I have tried leaving for just a few seconds and coming right back, but have not been consistent with that. He barks sometimes if I just get the mail, which takes maybe 30 seconds tops. I know not to play the music just when I put him in the crate, because I don't want him to associate the music with being crated.

Oh -- at the place where he goes for socialization, they, on my request, put him in a crate occasionally. She says he is "not too bad," barks a little, when they do this, then settles ok. Of course, he is not alone there, because there are people and animals coming and going.

I don't use his sleeping crate to put him in during the day, because I don't want him to get anxious in there and taint that crate, since it is his safe place at night. The other crates I have are an extra large Varikennel (smaller than his sleeping crate) and a Midwest wire crate. I feed him in the Varikennel in the living room. That's where it is when he is in it when I am doing chores, so he's not off by himself in another room, but part of the household.

That's all I can think of. Thanks so much for "listening." I'll be looking forward to any ideas on possible remedies for our situation.


----------



## Tiny Poodles (Jun 20, 2013)

I understand your concern about tainting the bedroom crate, but that is where you get the behavior that you want, so I would go with that - very slowly and systematically - throw some treats in, and leave the room. Start with one minute, let him out, then do it again an hour later. After you can do it successfully 10 times a day, increase the time to two minutes, and so on. If you get to an amount of time where you see even a hint of anxiety when you come back, back it up to an amount where you are sure he is comfortable, and proceed with the process. If you have a web cam, it might help you to be able to watch him while he is alone.
He definitely sounds like a fearful, rather then bossy dog.


----------



## Clackman (Jul 2, 2013)

Thanks, Tiny Poodles! Did you mean put his sleeping crate in the living room or leave it where it is, in the bedroom, to do the training/desensitization you suggest? I took your post to mean leave it in the bedroom. Which is what I prefer, because it is too big to get through the door without totally breaking it down. (The only reason we have such a big one for a Standard Poodle is we had to ship our last dog overseas and he was pretty tall.)


----------



## Clackman (Jul 2, 2013)

One more thing I have wondered about. I have heard about CDs that have been tested on dogs. Classical music was found to be best at calming, but not just any classical. It had to have a certain cadence, pitch, or something. Reportedly, some shelters use it and claim fantastic results. I was wondering if anyone had any experience with this. Also, some people have done a video chat with their dogs with separation anxiety, again, reporting good results.


----------



## Tiny Poodles (Jun 20, 2013)

Clackman said:


> Thanks, Tiny Poodles! Did you mean put his sleeping crate in the living room or leave it where it is, in the bedroom, to do the training/desensitization you suggest? I took your post to mean leave it in the bedroom. Which is what I prefer, because it is too big to get through the door without totally breaking it down. (The only reason we have such a big one for a Standard Poodle is we had to ship our last dog overseas and he was pretty tall.)

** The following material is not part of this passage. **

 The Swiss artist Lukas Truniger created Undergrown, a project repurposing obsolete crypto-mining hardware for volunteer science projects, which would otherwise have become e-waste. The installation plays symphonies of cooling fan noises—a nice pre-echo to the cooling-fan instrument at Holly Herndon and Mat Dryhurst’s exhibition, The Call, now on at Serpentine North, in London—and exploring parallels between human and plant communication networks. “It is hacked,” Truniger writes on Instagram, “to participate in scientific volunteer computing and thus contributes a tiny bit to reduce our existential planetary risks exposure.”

Oh most define toy leave it in the bedroom, as that is where the calm behavior is. Maybe even begin by laying down yourself for a few minutes before you get up and leave him. The point is to take the little good behavior that you have and very slowly build on it!
Good luck - it is clear how much you love him, and it will be worth the effort to get this in hand, because it is already having a major impact on the quality of your life!


Sent from Petguide.com Free App


----------



## Manxcat (May 6, 2013)

Hi Clackman,
Firstly let me say I don't crate my dogs so can't help with that bit. However, we did have a huge problem with Pippin when she was young with me trying to go anywhere in the house without her. And because I am a horrid mum and wouldn't let her come upstairs with me, it meant if I was in but needed to go up to the bathroom even she would sit at the bottom of the stairs and cry piteously (and loudly!). It was only ever with me, not with hubby - much to his chagrin...

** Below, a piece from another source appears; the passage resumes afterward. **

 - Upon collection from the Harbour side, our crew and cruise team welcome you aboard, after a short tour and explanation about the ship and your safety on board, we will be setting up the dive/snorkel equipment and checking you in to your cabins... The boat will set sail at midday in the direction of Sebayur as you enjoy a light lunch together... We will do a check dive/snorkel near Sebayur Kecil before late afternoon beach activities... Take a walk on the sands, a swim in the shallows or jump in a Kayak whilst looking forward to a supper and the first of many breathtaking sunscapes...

This was an absolute pain in the butt so I got a behaviourist/trainer to come to the house and have a look at the situation. After observing, she felt it was a combination of "I want to be with mum" and also "something interesting is going on and I'm excluded"! So she had me start giving treats and a verbal command ("back soon") when I left and one when I came back if she'd been quiet. I spent ages going up and down the stairs... But eventually Pippin got it, and now she's fine as long as I say "back soon". She knows I will be down eventually and if she's quiet she (sometimes) now gets a treat.

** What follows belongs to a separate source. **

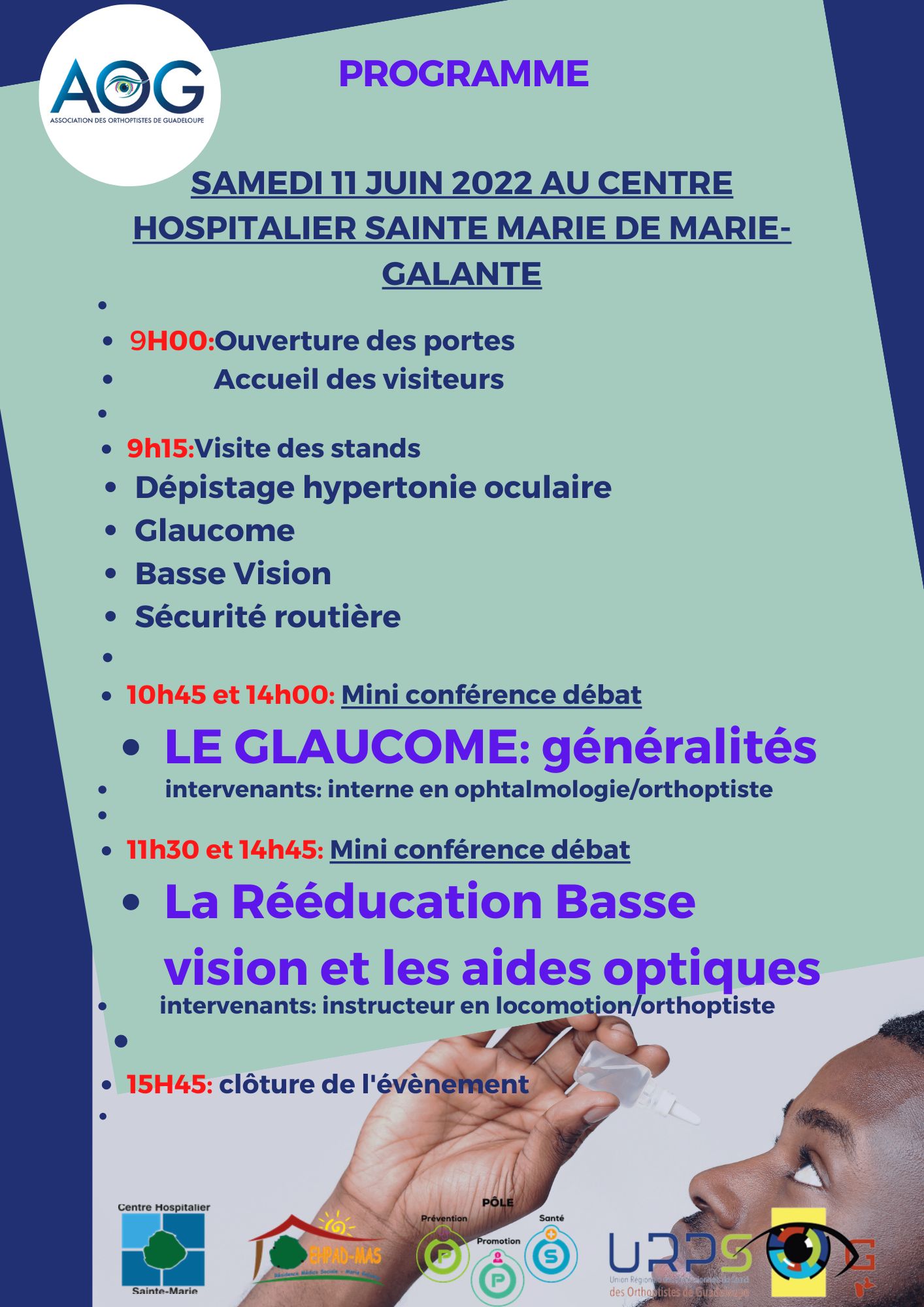 Dans le cadre de la journée Mondiale de l'Orthoptie, l'Association des Orthoptistes de Guadeloupe organise une journée axée sur le dépistage du Glaucome

So my take on Mitch is it is probably a combination of issues, and also that getting a behaviourist to come to the home situation and see the issues at first hand is invaluable - my dogs behave very differently away from home and I needed Debbie to see what was actually occurring in the house. 

Our situation is better now we've got two dogs, but even pre-Pushkin I could go out of the room and leave Pippin behind (sulking no doubt) quietly.

It was all about expectation and routine.


----------



## Poodlebeguiled (May 27, 2013)




----------



## msminnamouse (Nov 4, 2010)

> She also said, after he went to two socialization sessions at her facility, that she thought it was more bossiness or brattiness than anxiety.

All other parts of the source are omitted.